» **TASK TO CARRY OUT**
The lines from the top of the material below through the line containing "鶏肉の肉じゃが、五色ナマス、" are to be printed exactly, with pictures omitted.

» **DATASET EXTRACT**
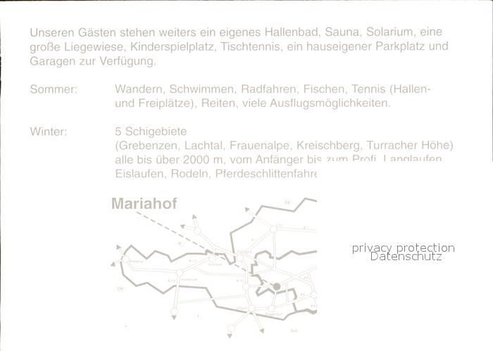 72468221 Mariahof Haus Lambach Hallenbad Naturpark Grebenzen See im Winter postalisch nicht gelaufen Werbekarte (keine Postkarte) Erhaltung siehe scans KatCode: 11390226061409
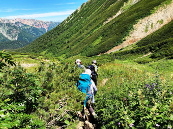 5:50三俣山荘を出発した。約1時間で黒部川源流の碑に至り休憩を取った。8:48岩苔乗越(いわごけのっこし)標高2731m。その先で不覚にも私が、伸びたダケカンバの下を歩行中足がふらつき転倒し左足の向う脛を打撲したが、カットテープで済んだ。続いて「水晶池」に向かうも、池は温暖化で干上がり残念であった。池のほとりで同行女性が準備した「アルファ米」を頂くがその美味しさに驚く。13:37高天原山荘に到着。 直ぐに水量豊かな水で石鹸を使わずにシャツ等も水洗いを行う。
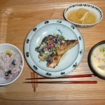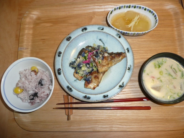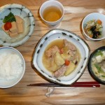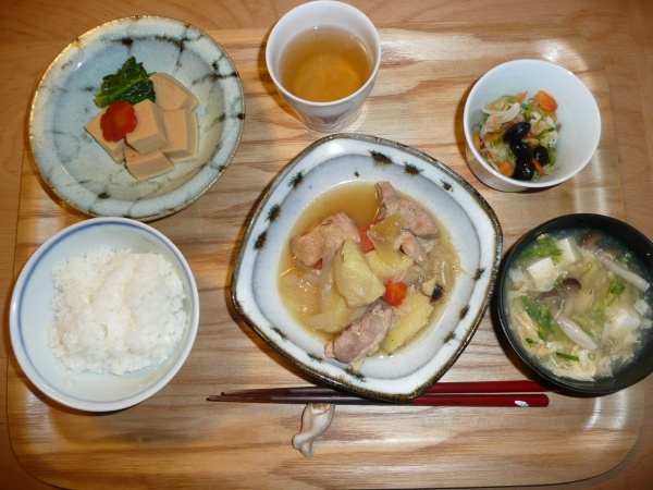 鶏肉の肉じゃが、五色ナマス、高野豆腐の煮物、かきたま汁(豆腐、キノコ、玉子) 五色ナマスが色とりどりで美しくまたいろんな味がして凄く美味しかったです。鶏肉のにくじゃがもなかなかあっさりしていいお味でした。
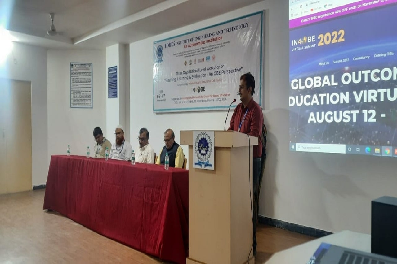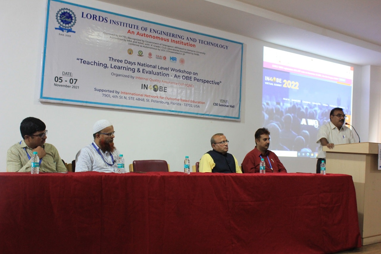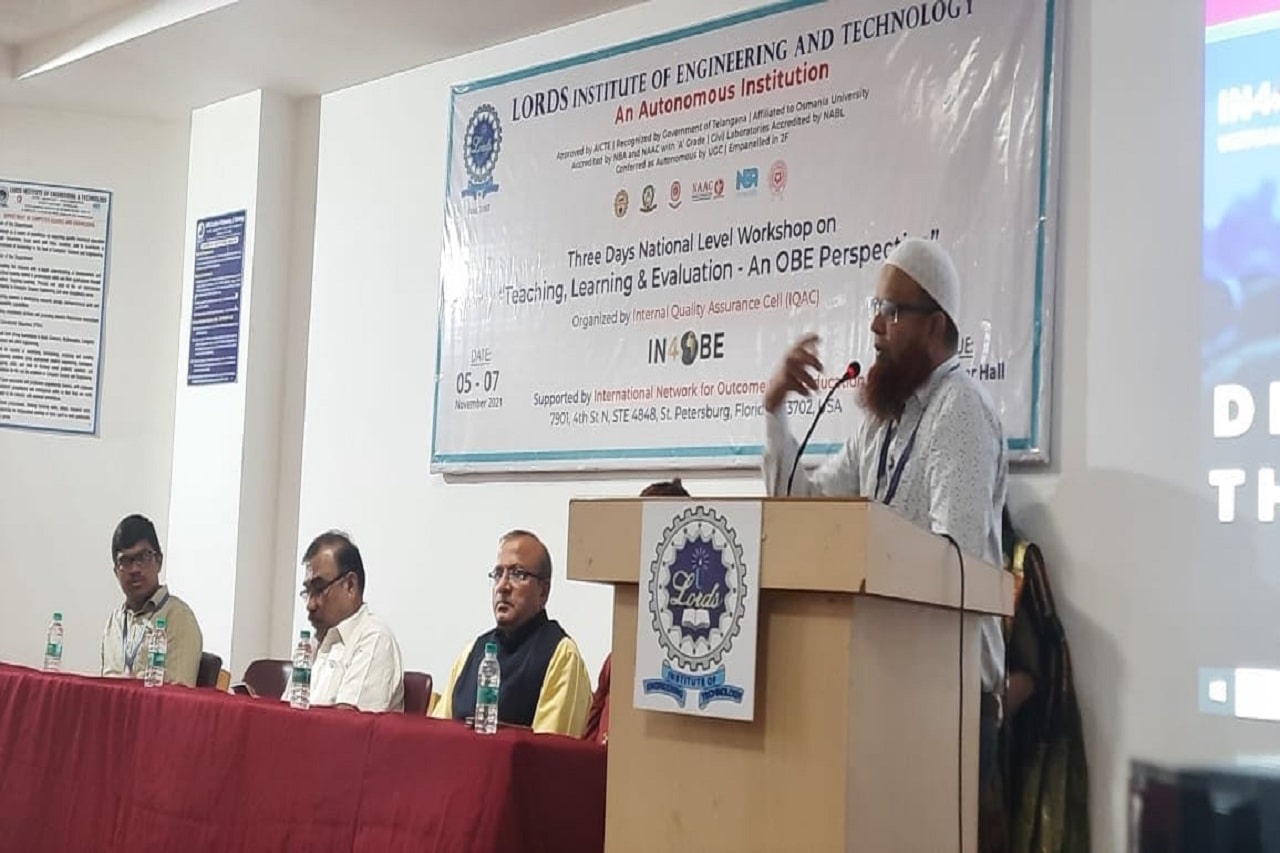 Description: Internal Quality Assurance Cell (IQAC), Lords Institute of Engineering and Technology (Autonomous), Hyderabad organized a 3-Days National Level Workshop on Teaching, Learning & Evaluation – An OBE Perspective for the faculty members of various institutions across the country on topics such as OBE in Accreditations, Bloom’s Taxonomy, CO-PO/PSO Mappings, Curriculum Gaps, Attainments, Rubrics and Automation

» **RESULT BELOW**
 72468221 Mariahof Haus Lambach Hallenbad Naturpark Grebenzen See im Winter postalisch nicht gelaufen Werbekarte (keine Postkarte) Erhaltung siehe scans KatCode: 11390226061409
 5:50三俣山荘を出発した。約1時間で黒部川源流の碑に至り休憩を取った。8:48岩苔乗越(いわごけのっこし)標高2731m。その先で不覚にも私が、伸びたダケカンバの下を歩行中足がふらつき転倒し左足の向う脛を打撲したが、カットテープで済んだ。続いて「水晶池」に向かうも、池は温暖化で干上がり残念であった。池のほとりで同行女性が準備した「アルファ米」を頂くがその美味しさに驚く。13:37高天原山荘に到着。 直ぐに水量豊かな水で石鹸を使わずにシャツ等も水洗いを行う。
 鶏肉の肉じゃが、五色ナマス、高野豆腐の煮物、かきたま汁(豆腐、キノコ、玉子) 五色ナマスが色とりどりで美しくまたいろんな味がして凄く美味しかったです。鶏肉のにくじゃがもなかなかあっさりしていいお味でした。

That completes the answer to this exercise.